Elasticsearch maintains a filter cache at the Lucene segment level. When the same filter query runs again on the same segment, it hits the bitset cache instead of re-executing. must clauses bypass this cache entirely because their output depends on query context (the score computation). Putting a full-text match in filter works syntactically — documents match or don't — but scoring is discarded. Putting a term or range in must wastes scoring computation on a binary condition that has no ranking signal.

Prerequisites

  • Inverted index
  • Elasticsearch relevance scoring
  • BM25

Key Points

  • filter is cached per segment; repeated identical filters are essentially free after the first execution.
  • must contributes to _score; filter does not — use must only when the match quality matters for ranking.
  • term, range, exists, and geo queries in filter context benefit from caching; match queries in filter do not cache well because they vary by query string.
  • must_not also uses the filter cache — exclusions are as cheap as inclusions in filter context.

Nested bool queries

Bool queries compose arbitrarily:

{
  "query": {
    "bool": {
      "must": [
        {
          "bool": {
            "should": [
              { "match": { "title": "elasticsearch" } },
              { "match": { "title": "opensearch" } }
            ],
            "minimum_should_match": 1
          }
        }
      ],
      "filter": [
        { "term": { "category": "search" } }
      ]
    }
  }
}

This finds documents about elasticsearch or opensearch in the search category. The inner bool with should handles the OR logic; the outer filter enforces the category without affecting score.

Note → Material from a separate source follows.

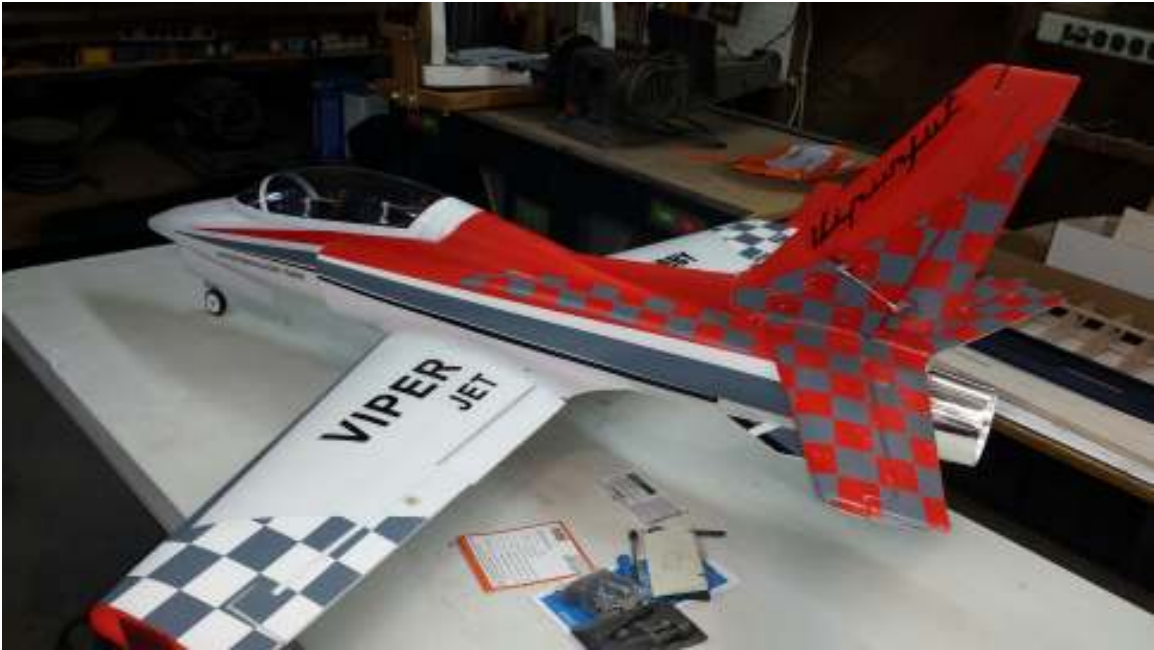
Some eye candy from a unnamed source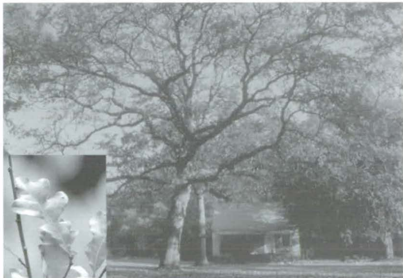
Fig. 1. A majestic old sand post oak ( Quercus margaretta ) preserved along a street in Aiken, SC.

Aiken, a town of about 26,000 is located in the Fall Line Sandhills of South Carolina about 15 miles from Augusta, Georgia. The Fall Line Sandhills are an ancient coastline with high rolling hills of deep, sandy soil. Lying between the relatively flat Coastal Plain and the rolling dry hills of the Piedmont Plateau, the Sandhills once supported an extensive forest of longleaf pine ( Pinus palustris ) maintained by relatively frequent ground fires. Originally ignited by lightning and later also by humans, these low-intensity fires burned unimpeded over vast areas and maintained a uniquely adapted ecosystem. With land-use changes and fire suppression, this ecosystem has almost disappeared. Many fire-adapted species that characterized this ecosystem have become quite rare.

📝constant_score: force filter-only execution for term lookups

When you only need to match documents (no ranking needed), constant_score wraps a filter and assigns a fixed _score of 1.0 to all matches:

{
  "query": {
    "constant_score": {
      "filter": {
        "term": { "user_id": "u_12345" }
      },
      "boost": 1.0
    }
  }
}

This is faster than a bool with a single must term query because it completely skips score computation and uses the filter cache. Use constant_score for ID lookups, tag filters, and any query where ranking is meaningless — e.g., fetching all documents for a user to display in a list.

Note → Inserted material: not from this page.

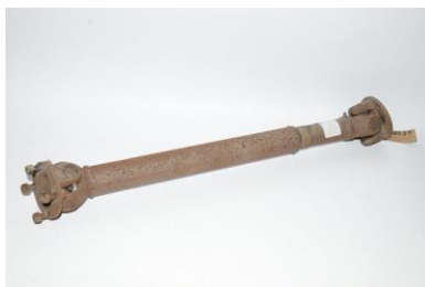
Centre Propellor shaft, All 2.6 & 3L - £69

A search query returns results ranked by relevance. You add a date range condition (last 30 days) to narrow results. Should you put the date range in must or filter?

easy

The date range is a binary condition — either the document is within the last 30 days or it isn't. You want results sorted by relevance to the search terms, not by date.

  • Amust — because the date range is required for a document to appear in results
    Incorrect.must does require a match, but it also contributes to _score. A date range in must adds its score to the overall relevance, which distorts ranking based on how 'well' a document matches the date range — a meaningless signal for binary date conditions. must is correct when the match quality matters for ranking.
  • Bfilter — because it's a binary condition with no ranking signal, and filter results are cached
    Correct!Date ranges are binary: in range or not. There's no 'degree of match' that should influence relevance ranking. Putting the range in filter means: (1) it doesn't distort the relevance score from your actual search terms, (2) the range filter is cached at the segment level — repeated searches with the same 30-day window hit the cache, and (3) the query correctly separates 'what must match' from 'how relevant is the match'.
  • Cshould — so that recent documents score higher but older ones still appear
    Incorrect.should makes a clause optional and adds score when matched. If you want to boost recent documents without excluding older ones, should works — but the question specifies narrowing results to last 30 days, which requires exclusion. For a boost-without-exclusion use case, should is appropriate.
  • Dmust_not — to exclude documents outside the date range
    Incorrect.must_not excludes documents that match the condition. But the date range condition selects documents inside the range — must_not would exclude documents inside the range and keep everything outside it. That's the opposite of the intended behavior.

Hint:Is matching a date range a 'how relevant' question or a 'does it qualify' question?